Testimony and Truth after Auschwitz

Testimony and Truth After Auschwitz

Sarah Gordon
Indiana University


Survivor testimony of the Holocaust often deviates from historical fact.  Postmodern theory allows for the near nihilation of that testimony by arguing that history is nothing but a version of events.  This paper seeks to authenticate survivor testimony in a postmodern context through the exploration of an ethics of testimony, concluding that factual truth and testimonial truth are members of fundamentally different categories, the latter dependent not on accuracy but on the social, ethical mandate to respect the memory of people who suffer and die so that others may live to tell the story.

In Testimony, Dori Laub recounts her experience of showing videos of Holocaust survivor testimony to a hall full of historians.  One Auschwitz survivor recalled the events of the inmate insurrection, which she’d witnessed:  “ ‘All of sudden [sic],’ she said, ‘we saw four chimneys going up in flames, exploding.  The flames shot into the sky, people were running.  It was unbelievable.’”  The historians leapt on the woman’s story.  Only a single chimney exploded during the Auschwitz insurrection, not four, they said.  And in Laub’s words, “since the memory of the testifying woman turned out to be, in this way, fallible, one could not accept – nor give credence to – her whole account of the events” (Felman and Laub 59).

I find this understanding of testimony to be troublesome on two levels.  First: on a purely visceral level, it feels disrespectful to deny a certain authority to the testimony of a Holocaust survivor.  Has she not earned the right to be believed?  Second:  if we deny all fundamental veracity of the words of the survivors, then a space is created for people to present equal-and-opposite versions of what happened.  In Denying the Holocaust, Deborah Lipstadt rails against the scholars who “spoke of relative truths, rejecting the notion that there was one version of the world that was necessarily right while another was wrong”(Lipstadt 18), underscoring that “Holocaust denial is a part of this phenomenon” (Lipstadt 19).
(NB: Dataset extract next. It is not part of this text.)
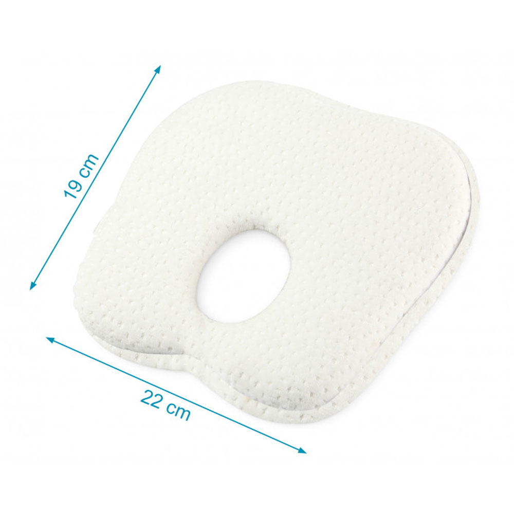 Βρεφικό μαξιλαράκι για το προσκέφαλο του μωρού από την εταιρεία Kiokids σε λευκό χρώμα. Το εξωτερικό του ύφασμα είναι από 100% βαμβάκι ενώ η γέμιση είναι από 100% πολυεστερική βάτα. Είναι ιδανικό για την ανακούφιση της πίεσης στο πίσω μέρος του κρανίου και υποστηρίζει τον λαιμό του μωρού, κρατώντας το ευθυγραμμισμένο. Μπορεί να χρησιμοποιηθεί στο κρεβάτι αλλά και στο ρηλάξ, στο καθισματάκι αυτοκινήτου, κούνια, καροτσάκι και χαλάκι δραστηριοτήτων. Προτείνεται από παιδίατρους και ειδικούς υγείας για να αποτρέπεται η πλαγιοκεφαλία.

A variation on the same rationale which allowed Baudrillard to claim that the Gulf War never happened allows so-called “Revisionists” to argue that the Holocaust never happened – survivor testimony is irreparably rift from its source event and is part of a simulacra that masquerades as actual history (Hartman 11). Barthes’ death of the author acquires another level of figurative meaning:  by detaching testimonial text from its author, he denies to that author the ability to properly testify.  Dori Laub describes the need for witnesses not only to testify, but to have an attentive audience to receive their stories; she describes the listener as “a guide and an explorer, a companion in a journey onto uncharted land, a journey the survivor cannot traverse or return from alone” (Felman and Laub 58-59)[1]. Primo Levi, in the preface to The Drowned and the Saved, describes a common recurring nightmare among prisoners in which “they had returned home and with passion and relief were describing their past sufferings, addressing themselves to a loved person, and were not believed, indeed were not even listened to” (Levi 1994: 121). There is a difference, of course, between disbelief and deconstruction, but deconstruction widens the opening for disbelief because it emphasizes the constructedness, and therefore malleability, of history.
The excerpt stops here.